- Eagle Mountain Location within British Columbia
- Interactive map of Eagle Mountain

Highest point
- Elevation: 1,050 m (3,440 ft)
- Prominence: 60 m (200 ft)
- Coordinates: 49°20′52″N 122°49′48″W﻿ / ﻿49.34778°N 122.83000°W

Geography
- Location: Lower Mainland, British Columbia, Canada
- District: New Westminster Land District
- Parent range: Pacific Ranges
- Topo map: NTS 92G7 Port Coquitlam

= Eagle Mountain (British Columbia) =

Mountain in British Columbia, Canada

Eagle Mountain, also known as Eagle Ridge, is the mountainous ridge with many indistinct summits between Buntzen Lake and Coquitlam Lake near Coquitlam, British Columbia. Its proximity to Coquitlam, and the houses being built on its southern slopes (known as Westwood Plateau), make it a very popular weekend destination for hiking, mountain biking, horseback riding, and ATV riding. There is a network of logging roads leading up the south side of the summit to a plateau area with lakes, hiking trails and mountain biking trails.

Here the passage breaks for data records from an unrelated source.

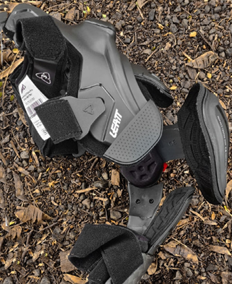 Sua pilotagem protegida em alto nível é com a Joelheira Articulada Leatt C Frame Pro Carbon
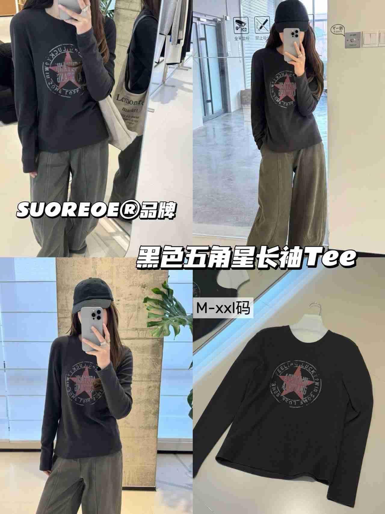 📣 SUOREOE®🇭🇰黑色五角星⭐️长袖Tee❗️带防伪卡发货🔥可扫码
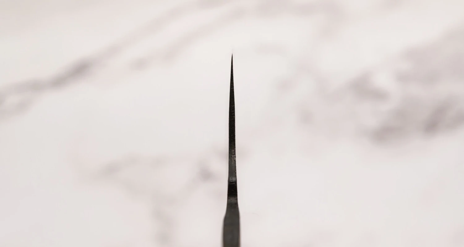 It has a double bevel (symmetrical) blade and is suitable for both left- and right-handed users. The blade tapers distally, meaning that the blade becomes increasingly thinner from the heel of the blade towards the tip. This gives it more strength and weight at the handle (meaning we can exert more pressure with the heel) and more precision at the tip, allowing for smooth and precise cuts.
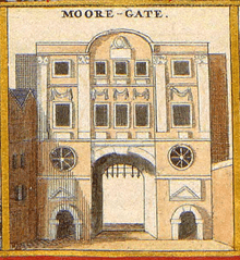 Little Moorgate was a gate opposite Little Winchester Street leading into Moorfields. It had been demolished by 1755, but gave its name to a street [1] that was later removed for the building of a railway.
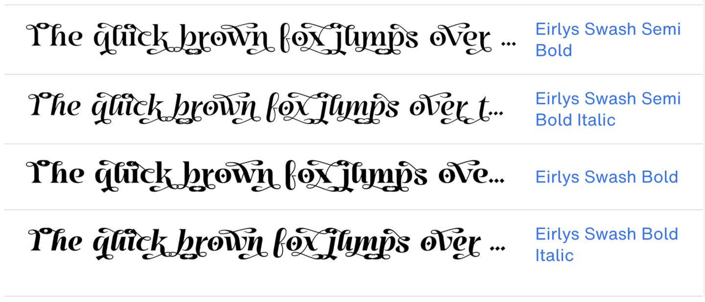Eirlys Font Family — название шрифтового семейства. Многие шрифты из него могли бы подойти для этого проекта.
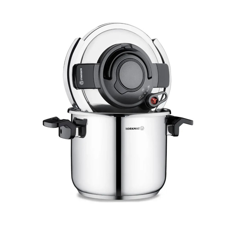 سایر توضیحات : دارای ظرفیت ۷ لیتر - ۲۲ سانتیمتر جنس : فولاد ضد زنگ Cr-Ni 18/10 پایه کپسول آلومینیومی با هدایت حرارتی همگن سازگار با القای الکتریکی عملکرد پخت تحت فشار ۲ مرحلهای
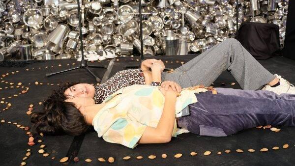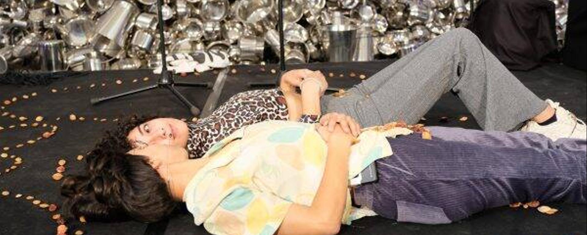 D’un regard complice, les jumeaux·elles guettent notre arrivée. Les spectateur·rice·s sont invité·e·s à entrer dans un cocon familial : une petite estrade qui trône au cœur d’une rotonde, devant la monumentale œuvre de Subodh Gupta, God Hungry. Y siègent quelques micros, une corde à linge sur laquelle pendent des épingles, une théière, des verres à thé sur une table basse, et au sol, des noyaux. Quelque part entre le plateau et la chambre, les performeur·se·s nous convient à une mise en scène de l’intime. Nous entrons dans leur autobiographie comme on entame une psychanalyse, quand la narration commence, elle s’insularise dans le souvenir. Nous découvrons des moments magiques de proximité où les deux auteur·rice·s, sonorisé·e·s par des micros HF, se maquillent puis s’habillent, en se racontant des banalités desquelles jaillit la magnificence de l’ordinaire. Étant donné que leur vécu constitue le ressort du travail, la performance – mot choisi à dessein pour éviter de « représenter » – se situe sur une ligne fragile entre le jeu et le non-jeu. Parfois leurs voix déclament, d’autres fois elles chuchotent, tantôt elles tremblotent. Leur ton donne à l’œuvre une sincérité manifeste, une franchise assumée qui va droit au cœur. Mais cette intimité n’est pas immodérément intimiste, c’est-à-dire qu’elle n’est pas uniquement centrée sur leur vécu, elle a quelque chose de politique. En d’autres termes, lorsque la première personne du singulier est employée, c’est pour mieux parler à la première personne du pluriel.
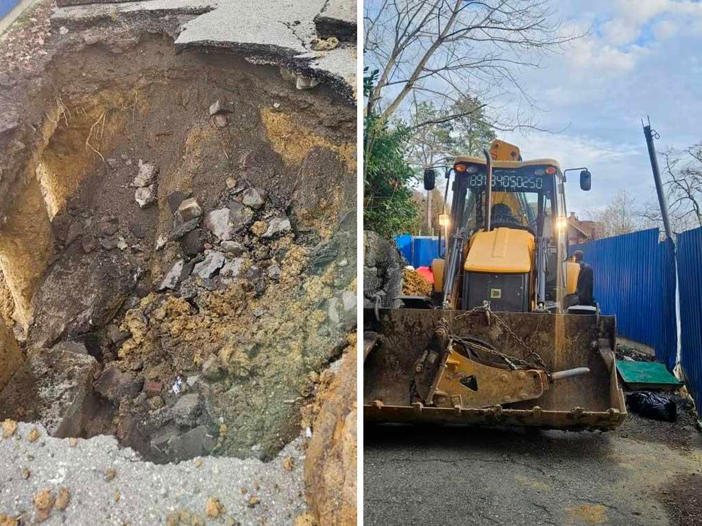Ранее специалисты обследовали место происшествия и выяснили, что причиной стал обвал грунта на соседнем участке, где ведется строительство. Это привело к образованию полости под дорожным полотном размером более 20 кубометров.
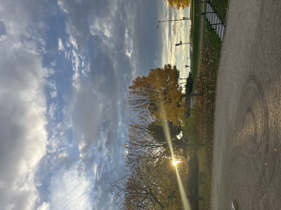 This image depicts an autumnal outdoor scene in Hœrdt, France, under a partly cloudy sky. The sun, positioned low on the left horizon, casts a prominent lens flare and warm light across the lower-left and central portions of the frame. The foreground features a light-colored, level ground composed of gravel or dirt. Two distinct, concentric circular tracks are impressed into this surface in the lower-left quadrant. Scattered dry, brown, and yellow autumn leaves are visible on the ground. Midground elements include a cluster of deciduous trees displaying yellow and orange foliage, indicative of autumn. Some trees exhibit partially bare branches. Beneath the trees on the far left, a dark-colored wooden park bench is partially visible. A gently sloping bank covered in green grass and numerous fallen leaves extends from the gravel area upwards. A set of concrete stairs with a black metal handrail ascends this bank on the right side of the image. In the background, beyond the trees and grassy bank, the horizon is visible with muted light. A dark streetlamp with a single light fixture stands on the right, and several indistinct signs are present in the distance. The sky above is mottled with a mix of white, grey, and dark clouds, with intermittent patches of blue. No people are present in the scene.
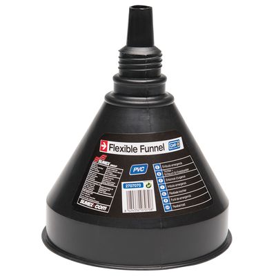 Funnel with built-in filter and detachable flexible tube. Ideal for storage in you car. Hard plastic material will last for ages. Can be used for all liquids including petrol and oils.

In 1903, the Vancouver Power Company (now BC Hydro) built a 3.6 km long, 1.2 km deep tunnel under Eagle Mountain from Coquitlam Lake to Buntzen Lake to supply water to Vancouver's first hydroelectric power plant on Indian Arm. This tunnel, and the power plants on Indian Arm are still operational.

Eagle Mountain is in Indian Arm Provincial Park.